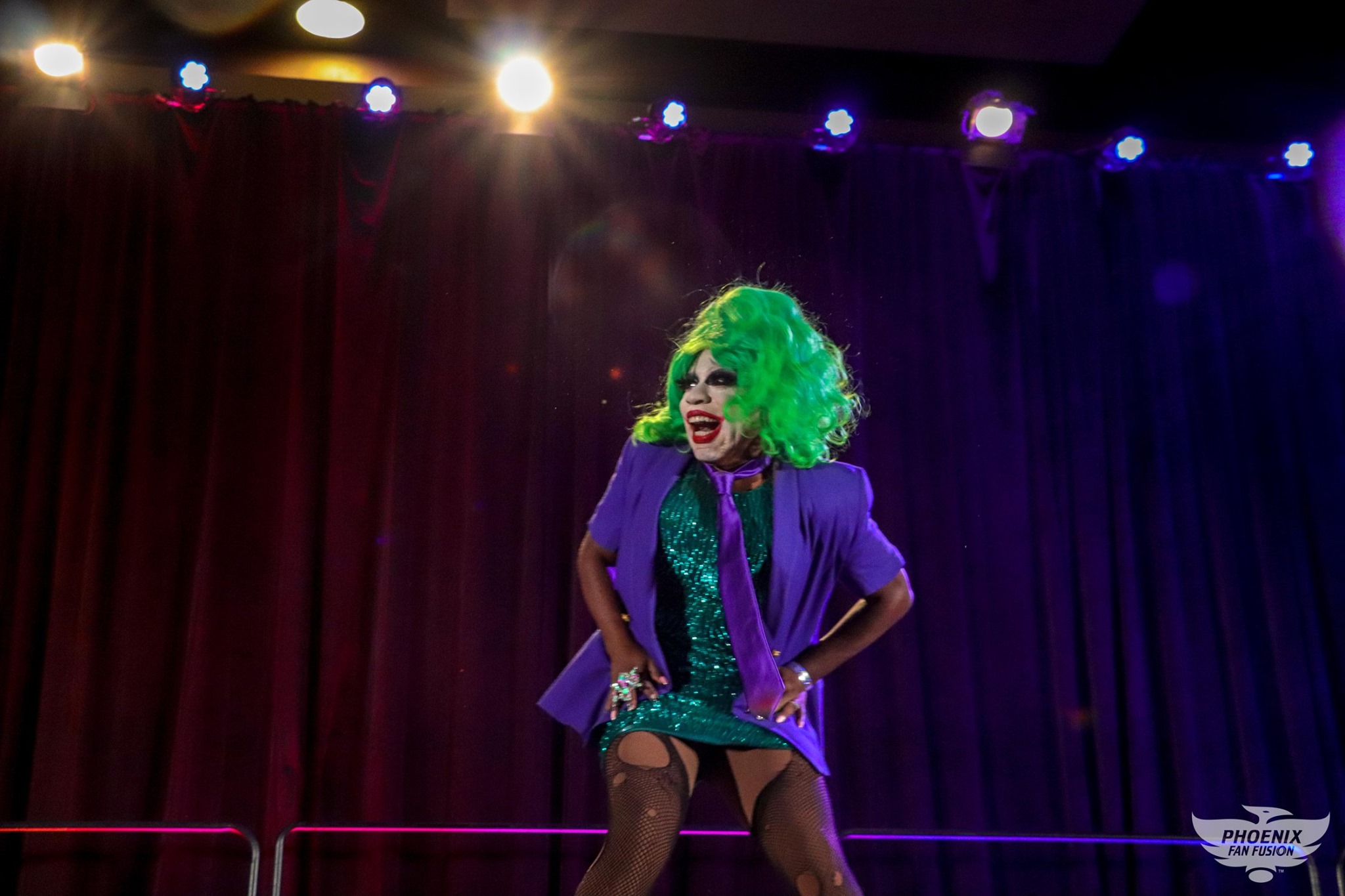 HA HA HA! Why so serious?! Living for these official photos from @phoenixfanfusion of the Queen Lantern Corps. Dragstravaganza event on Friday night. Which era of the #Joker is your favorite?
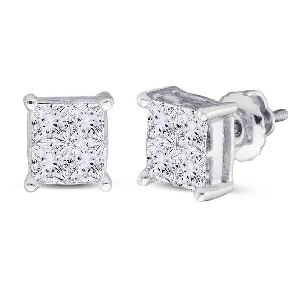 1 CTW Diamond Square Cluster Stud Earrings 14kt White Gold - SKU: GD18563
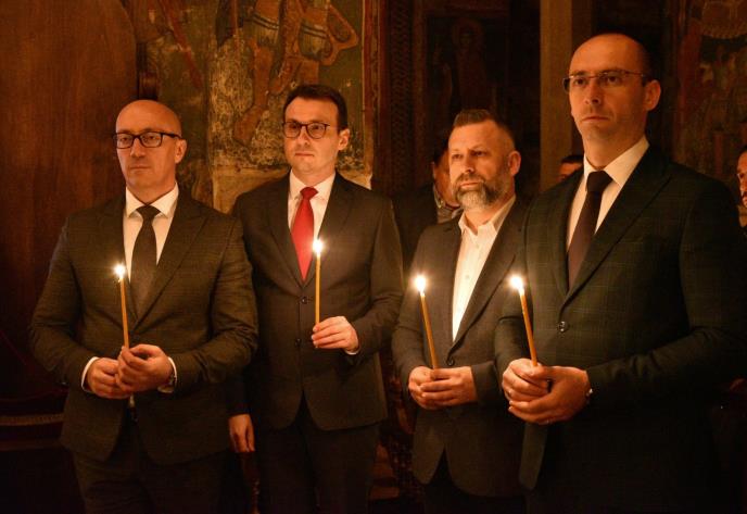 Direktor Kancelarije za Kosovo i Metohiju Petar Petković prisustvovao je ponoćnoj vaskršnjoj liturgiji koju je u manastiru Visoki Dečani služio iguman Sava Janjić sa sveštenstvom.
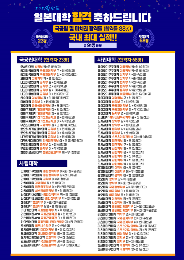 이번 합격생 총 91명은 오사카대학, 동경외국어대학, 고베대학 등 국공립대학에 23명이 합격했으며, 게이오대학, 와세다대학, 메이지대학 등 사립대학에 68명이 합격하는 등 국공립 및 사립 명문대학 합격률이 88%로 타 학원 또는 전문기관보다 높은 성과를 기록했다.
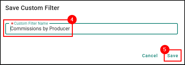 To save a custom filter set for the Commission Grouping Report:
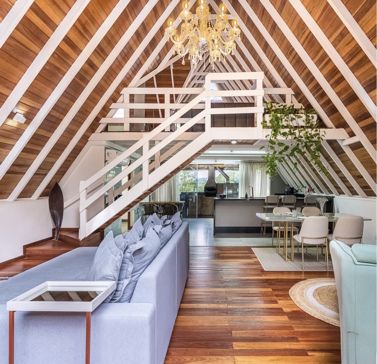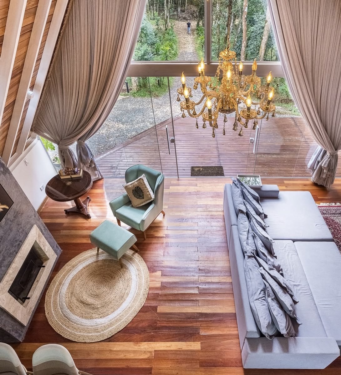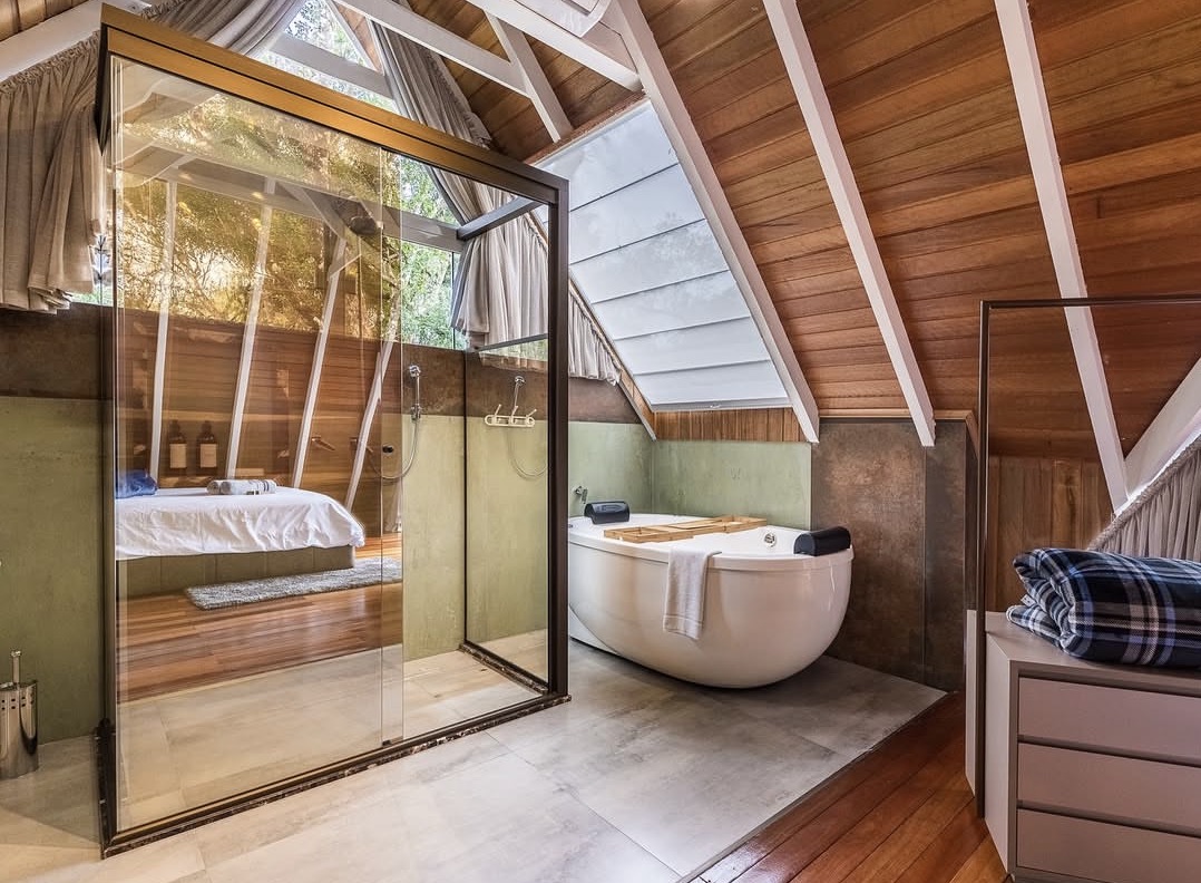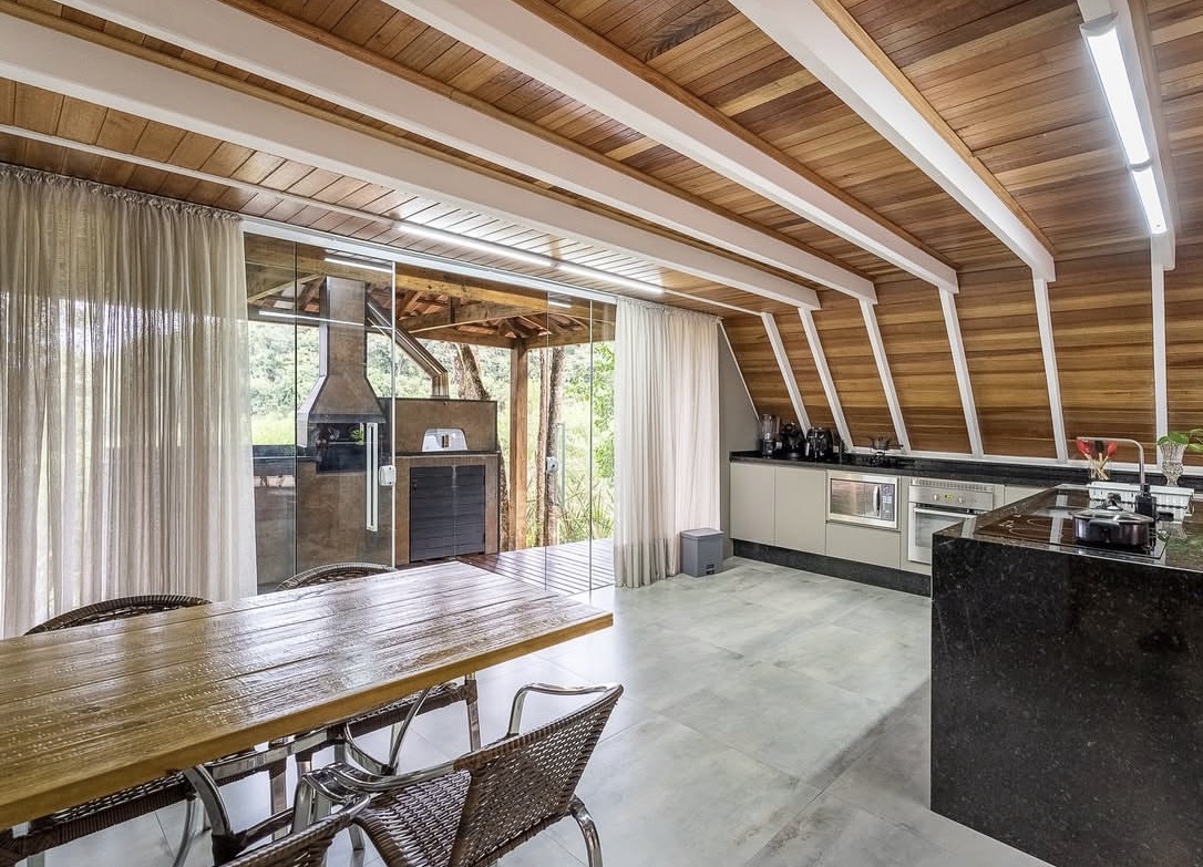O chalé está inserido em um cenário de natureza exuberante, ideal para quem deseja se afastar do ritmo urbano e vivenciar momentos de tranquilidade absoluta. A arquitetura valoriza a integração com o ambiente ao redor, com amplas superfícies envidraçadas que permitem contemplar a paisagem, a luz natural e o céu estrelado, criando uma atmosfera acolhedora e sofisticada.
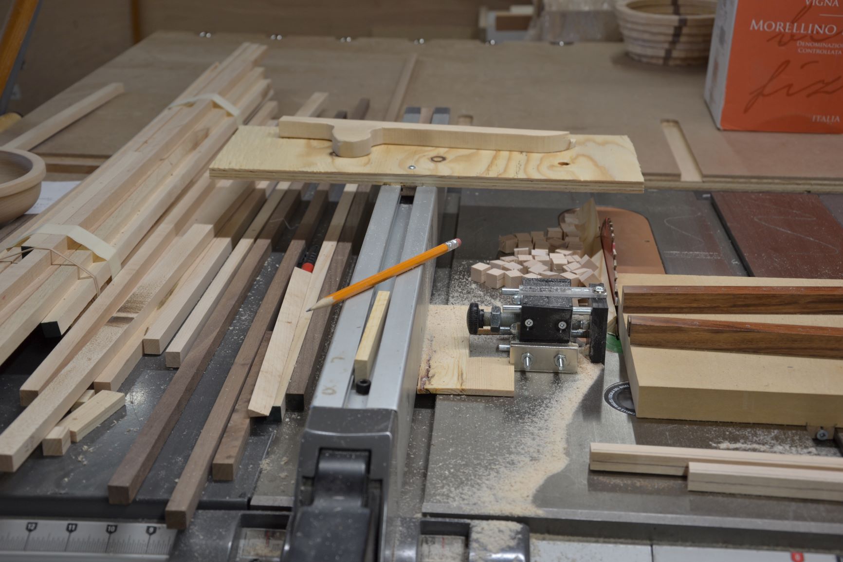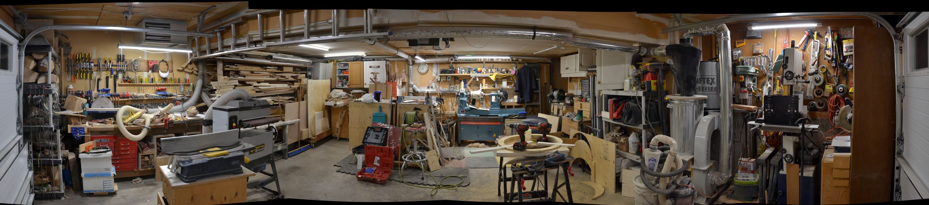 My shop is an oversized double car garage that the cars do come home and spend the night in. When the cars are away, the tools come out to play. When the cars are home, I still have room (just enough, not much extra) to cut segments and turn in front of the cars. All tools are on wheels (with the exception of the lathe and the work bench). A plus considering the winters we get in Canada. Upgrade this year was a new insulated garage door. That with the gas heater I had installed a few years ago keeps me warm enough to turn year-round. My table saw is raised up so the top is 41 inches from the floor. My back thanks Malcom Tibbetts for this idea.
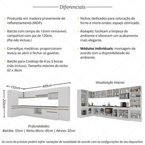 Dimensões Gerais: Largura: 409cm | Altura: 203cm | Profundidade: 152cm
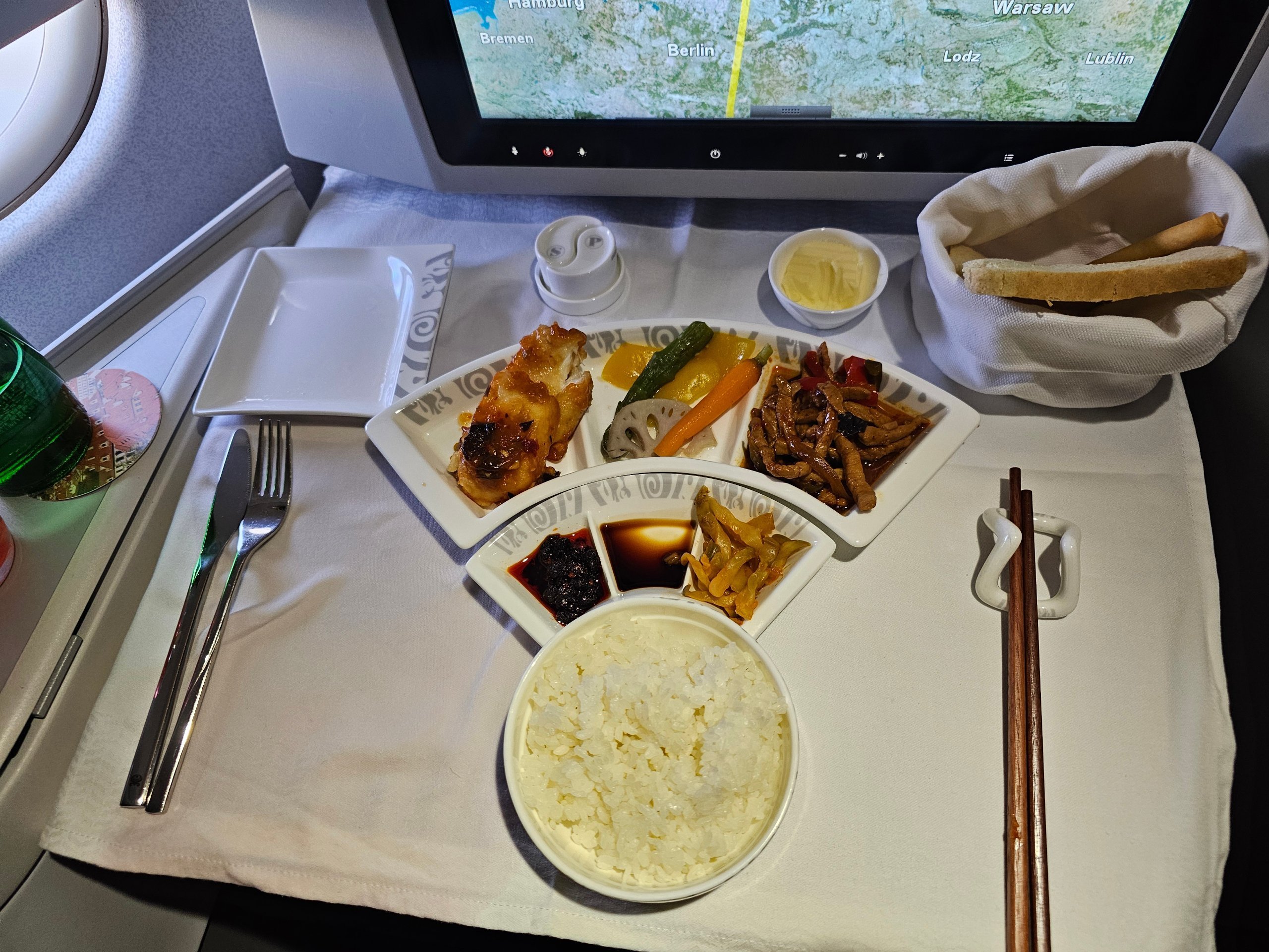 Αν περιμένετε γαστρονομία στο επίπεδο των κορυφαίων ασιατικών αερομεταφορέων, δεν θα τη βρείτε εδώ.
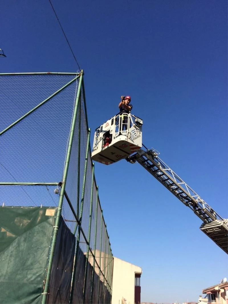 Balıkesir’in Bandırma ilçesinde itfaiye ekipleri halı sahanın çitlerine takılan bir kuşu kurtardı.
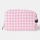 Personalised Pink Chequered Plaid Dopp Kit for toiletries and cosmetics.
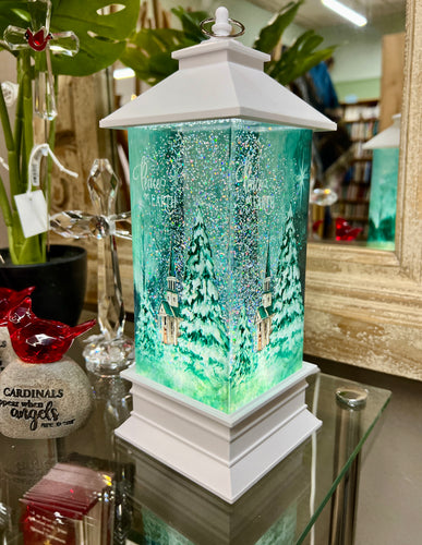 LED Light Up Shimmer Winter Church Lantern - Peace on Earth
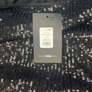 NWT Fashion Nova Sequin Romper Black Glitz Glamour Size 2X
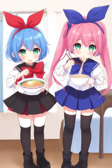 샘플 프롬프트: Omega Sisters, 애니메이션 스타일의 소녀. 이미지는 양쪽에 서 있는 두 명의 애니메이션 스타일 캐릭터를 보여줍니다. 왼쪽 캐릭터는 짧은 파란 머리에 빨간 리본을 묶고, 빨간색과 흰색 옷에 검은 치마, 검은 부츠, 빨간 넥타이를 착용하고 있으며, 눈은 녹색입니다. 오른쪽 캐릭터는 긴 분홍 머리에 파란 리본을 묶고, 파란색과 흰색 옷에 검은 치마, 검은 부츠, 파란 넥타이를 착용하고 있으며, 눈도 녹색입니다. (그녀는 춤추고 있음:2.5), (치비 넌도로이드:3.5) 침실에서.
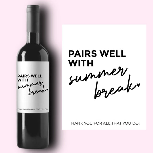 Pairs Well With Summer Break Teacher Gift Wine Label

▶ [PROBLEM TO SOLVE] Every line above between the one containing "Direktor Kancelarije za" and the one containing "To save a custom", those two included, is to be printed exactly. No pictures go into the copy.

▶ [EXERCISE OUTPUT]
 Direktor Kancelarije za Kosovo i Metohiju Petar Petković prisustvovao je ponoćnoj vaskršnjoj liturgiji koju je u manastiru Visoki Dečani služio iguman Sava Janjić sa sveštenstvom.
 이번 합격생 총 91명은 오사카대학, 동경외국어대학, 고베대학 등 국공립대학에 23명이 합격했으며, 게이오대학, 와세다대학, 메이지대학 등 사립대학에 68명이 합격하는 등 국공립 및 사립 명문대학 합격률이 88%로 타 학원 또는 전문기관보다 높은 성과를 기록했다.
 To save a custom filter set for the Commission Grouping Report:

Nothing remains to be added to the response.